Yukiko frowned as she tried to imagine this. Justin, helpful as always, made a gesture of both hands flying apart.
“Could this happen to us?” she asked in a small voice.
“It hasn’t ever happened,” Asia assured her, throwing Justin a nasty look. “Not in our entire lives; not in the eighteen years of our voyage. And not for the next eighteen, or a hundred. Justin is talking about people who worry about the next thousand years.”
“Or fifty thousand,” said Justin helpfully. “People have been living on Earth for hundreds of thousands of years, and the planet has never suffered a catastrophic failure that killed everyone. Solid objects with gravitational fields produce that kind of stability, and that’s what the rest of us want.”
Yukiko was looking a bit confused by this. “We are not going to live on Neptune,” she said after a moment.

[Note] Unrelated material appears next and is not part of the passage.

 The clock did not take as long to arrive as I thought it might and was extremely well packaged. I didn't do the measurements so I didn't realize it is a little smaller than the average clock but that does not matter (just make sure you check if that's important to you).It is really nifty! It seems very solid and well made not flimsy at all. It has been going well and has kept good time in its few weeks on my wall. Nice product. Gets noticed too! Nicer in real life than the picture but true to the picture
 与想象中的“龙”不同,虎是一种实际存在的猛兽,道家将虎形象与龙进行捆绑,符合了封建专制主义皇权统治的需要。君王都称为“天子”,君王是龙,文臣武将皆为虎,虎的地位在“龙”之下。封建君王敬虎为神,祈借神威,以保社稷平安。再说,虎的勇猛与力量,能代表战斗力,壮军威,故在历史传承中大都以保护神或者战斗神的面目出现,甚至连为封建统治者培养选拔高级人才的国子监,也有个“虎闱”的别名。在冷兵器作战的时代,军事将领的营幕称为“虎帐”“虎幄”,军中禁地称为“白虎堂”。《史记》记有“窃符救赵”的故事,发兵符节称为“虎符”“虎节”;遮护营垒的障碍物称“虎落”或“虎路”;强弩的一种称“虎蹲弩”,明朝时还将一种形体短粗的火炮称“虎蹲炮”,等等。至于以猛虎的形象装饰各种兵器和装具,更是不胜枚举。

“Of course not,” said Asia reassuringly, then glanced at Justin. “Neptune is our countryside, our farmland and our forests. After sailing all our lives through emptiness, we have reached the land that will sustain us. We will harvest its resources, and our ship will grow in size and splendor,
A magnificent home, imperishable, glittering with stars,
Greatest in the heavens . . . ”
And we will create our own gravity, by present means or some other.”

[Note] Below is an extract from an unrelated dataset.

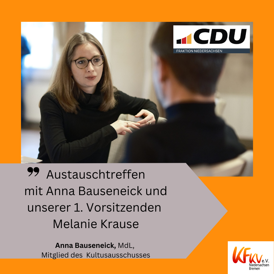 Heute war unsere 1. Vorsitzende Melanie Krause im Gespräch mit Frau Anna Bauseneick . Es war ein sehr konstruktives Gespräch. Wozu wir in der kommenden Zeit mehr darauf eingehen werden.

“There is still more about it than that,” Justin said pleasantly. “Would you like me to show you?” He leaned over toward Asia, as though to whisper in her ear, and pushed her suddenly off the edge.
With a shriek she sailed into open space, the force of his shove propelling her outward faster than gravity pulled her down. The children were shouting, but she didn’t hear them. A tremendous void yawned beneath her, and the vagrant breezes that wafted through the Hull seemed to buffet her face more quickly.